ABOUT THIS TASK = Without copying any picture, transcribe exactly the lines of the data below from the one containing "Swipe your finger" through the one containing "上の左側の写真は王宮に行く途中にあったタイ国防省の建物です。".

MATERIAL FOR THIS EXERCISE =
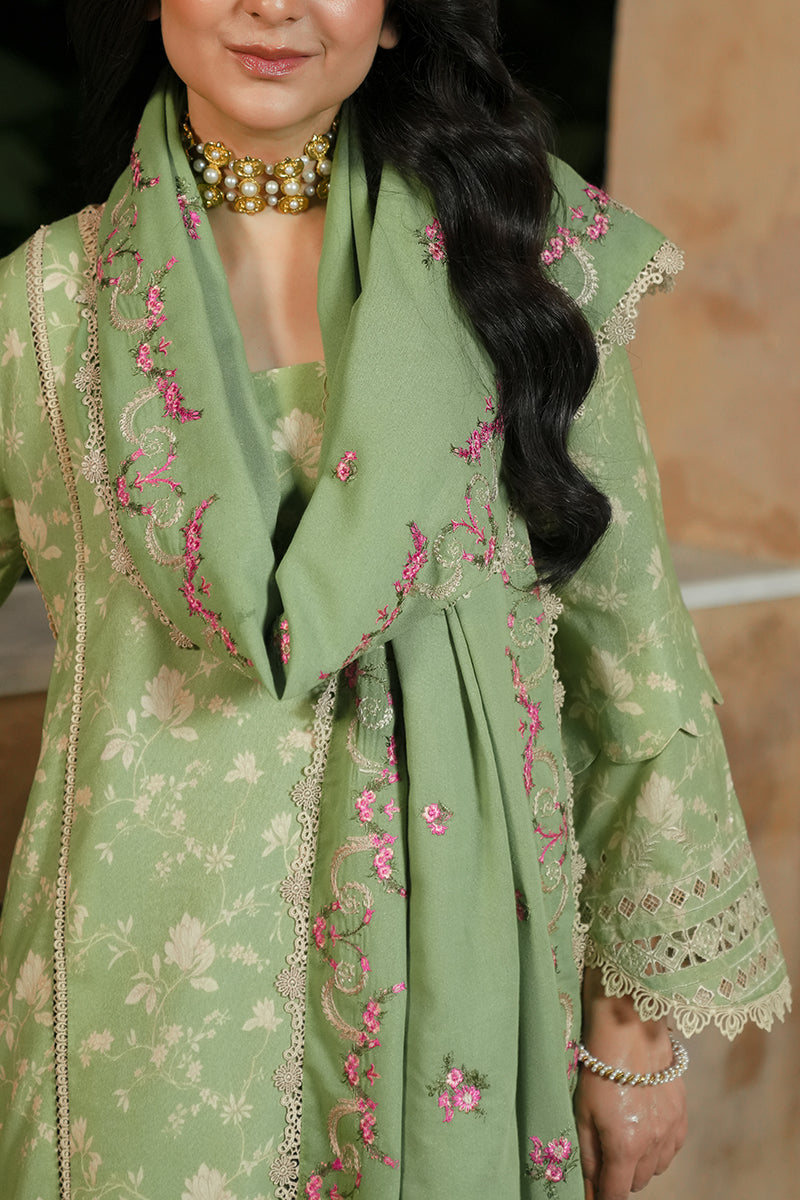 Feminine and unforgettable, "Esra" is a stunning three-piece outfit in pistachio green, crafted on a karandi canvas. The shirt is adorned with schiffli cutwork on the hem and sleeves, paired with matching trousers and a beautifully embroidered dupatta, making it the perfect seasonal outfit.
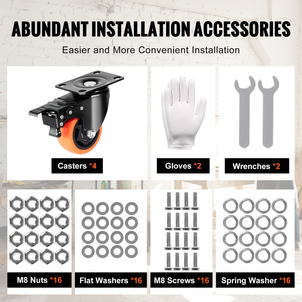 Onze computerstoelwielen worden geleverd met uitgebreide montageaccessoires, waardoor ze eenvoudig te installeren zijn en aan te passen aan verschillende montagemethoden.
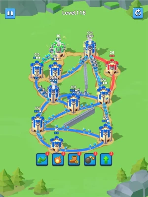 Swipe your finger to connect towers. What you need to do is to take over the towers of other colors.
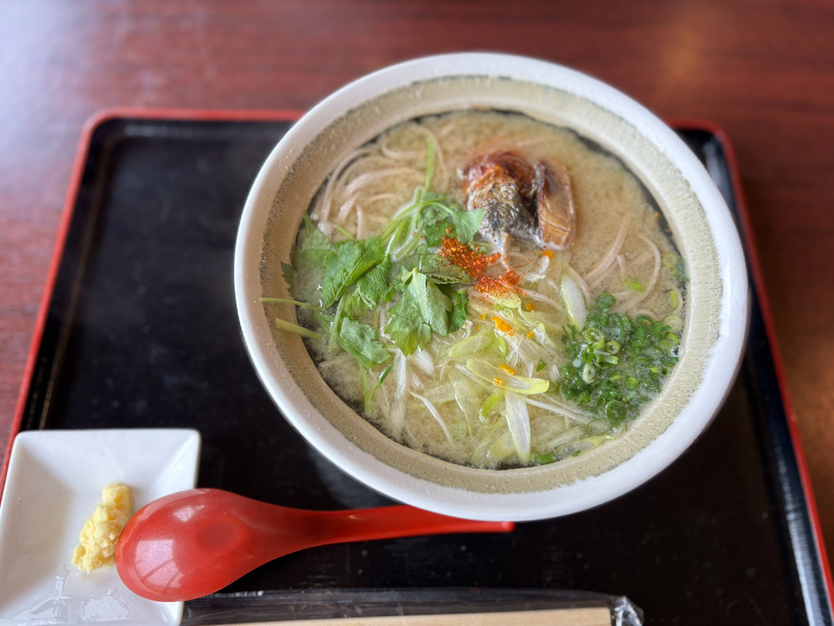 鹿児島市観光農園グリーンファーム内のレストラン「だいだい」で、喜入の郷土料理「豊祭そば」を食べました😊 お蕎麦には珍しくみそ味で、焼き鯖が入っています。優しいお味で美味しくいただきました。 天気が良ければ錦江湾が綺麗ですよ😊
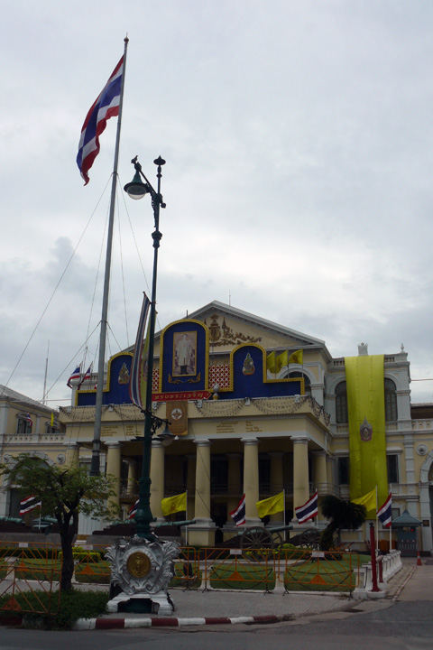 上の左側の写真は王宮に行く途中にあったタイ国防省の建物です。
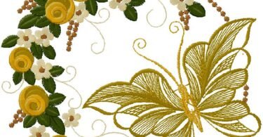 Butterfly with flowers Embroidery Design
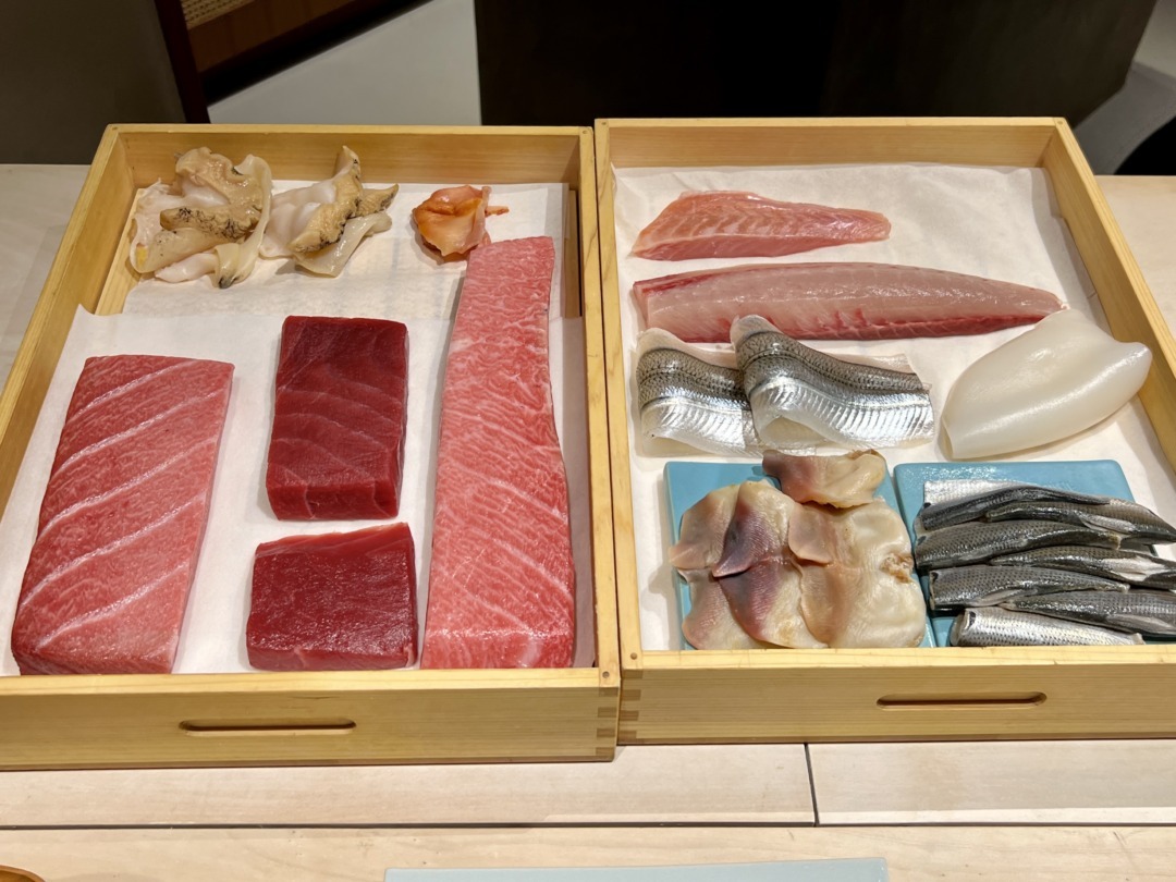 例えば、この時期ならではの アオリイカとスミイカの食べ比べ。
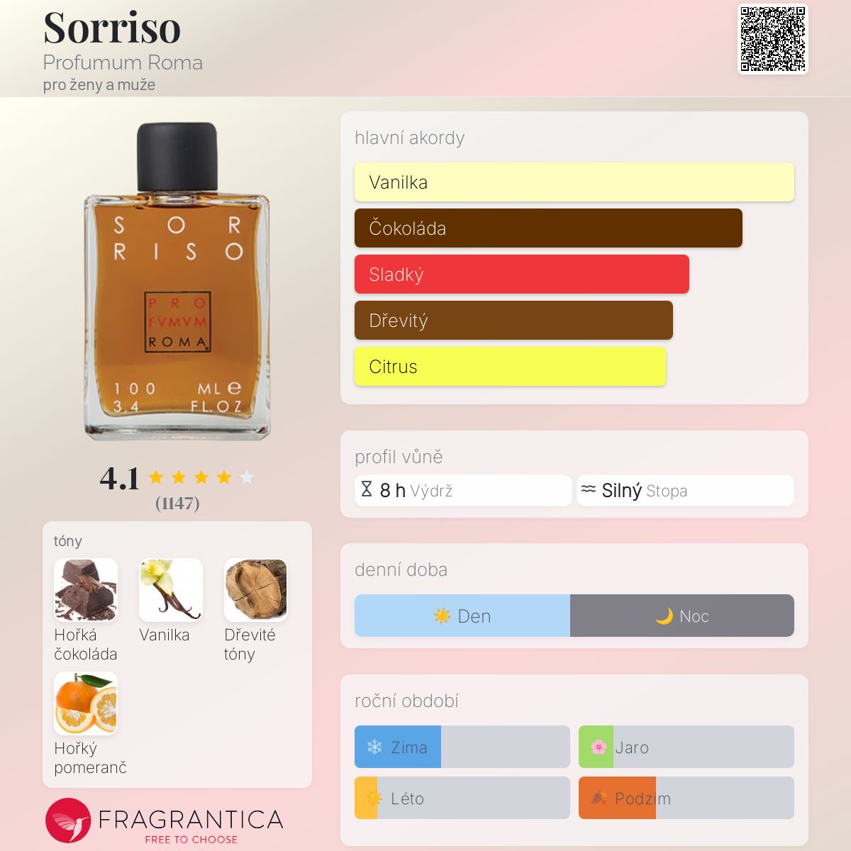 Všechny ostatní tóny (včetně hořké čokolády) jsou tu proto, aby vanilku doplnily, ale zůstávají tiše v pozadí, což se jim daří. Profumum Roma používá přírodní ingredience a na Sorriso je to opravdu znát. Je nádherná.
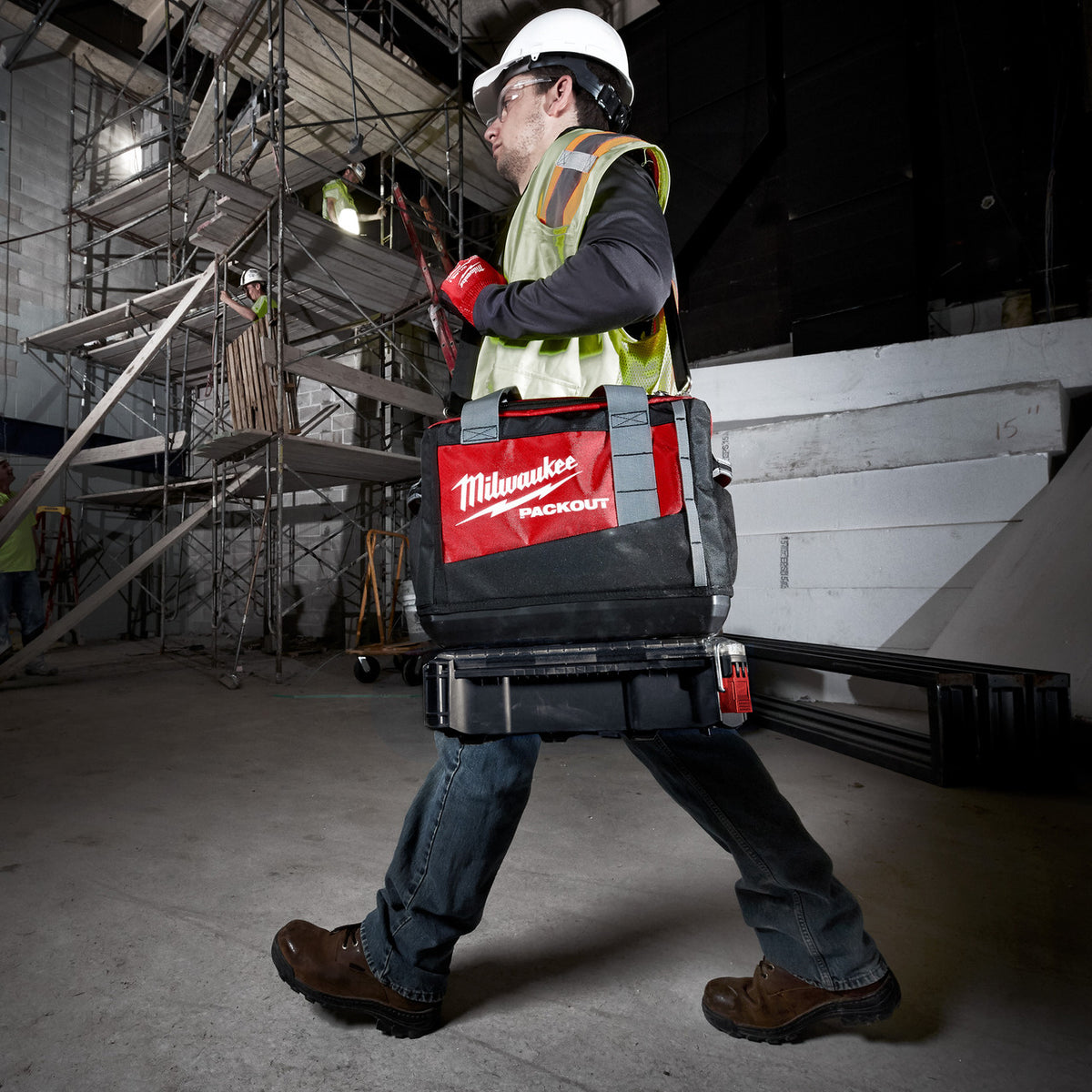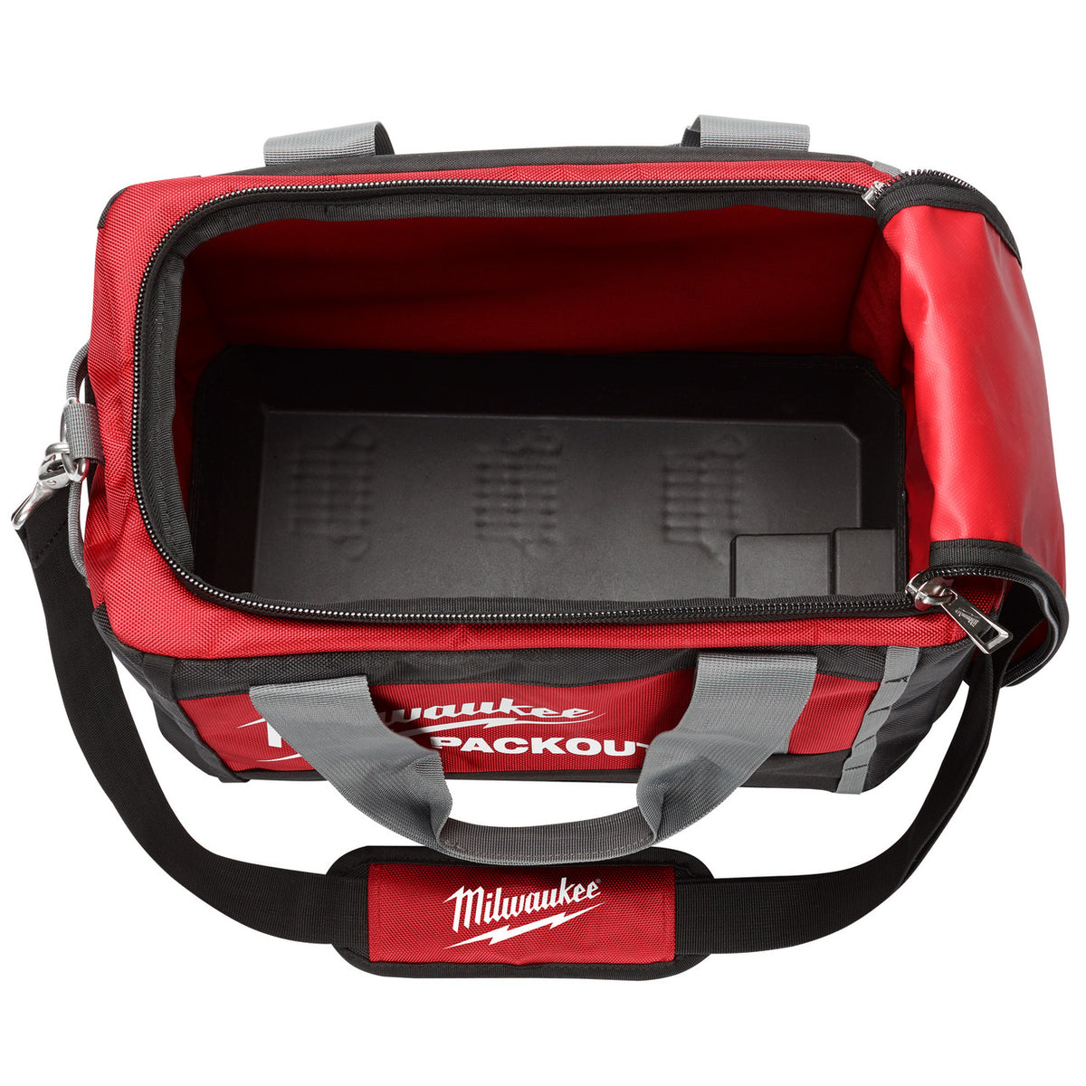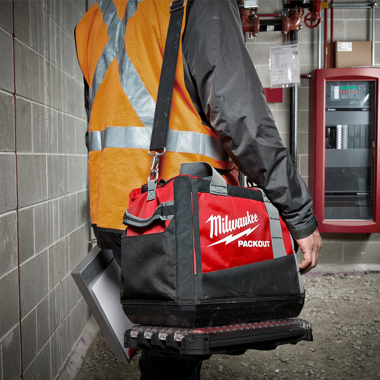 The Milwaukee 4932471066 Packout Duffel Bag has a cushioned shoulder strap, top and side handles for flexible carrying

SOLUTION =
 Swipe your finger to connect towers. What you need to do is to take over the towers of other colors.
 鹿児島市観光農園グリーンファーム内のレストラン「だいだい」で、喜入の郷土料理「豊祭そば」を食べました😊 お蕎麦には珍しくみそ味で、焼き鯖が入っています。優しいお味で美味しくいただきました。 天気が良ければ錦江湾が綺麗ですよ😊
 上の左側の写真は王宮に行く途中にあったタイ国防省の建物です。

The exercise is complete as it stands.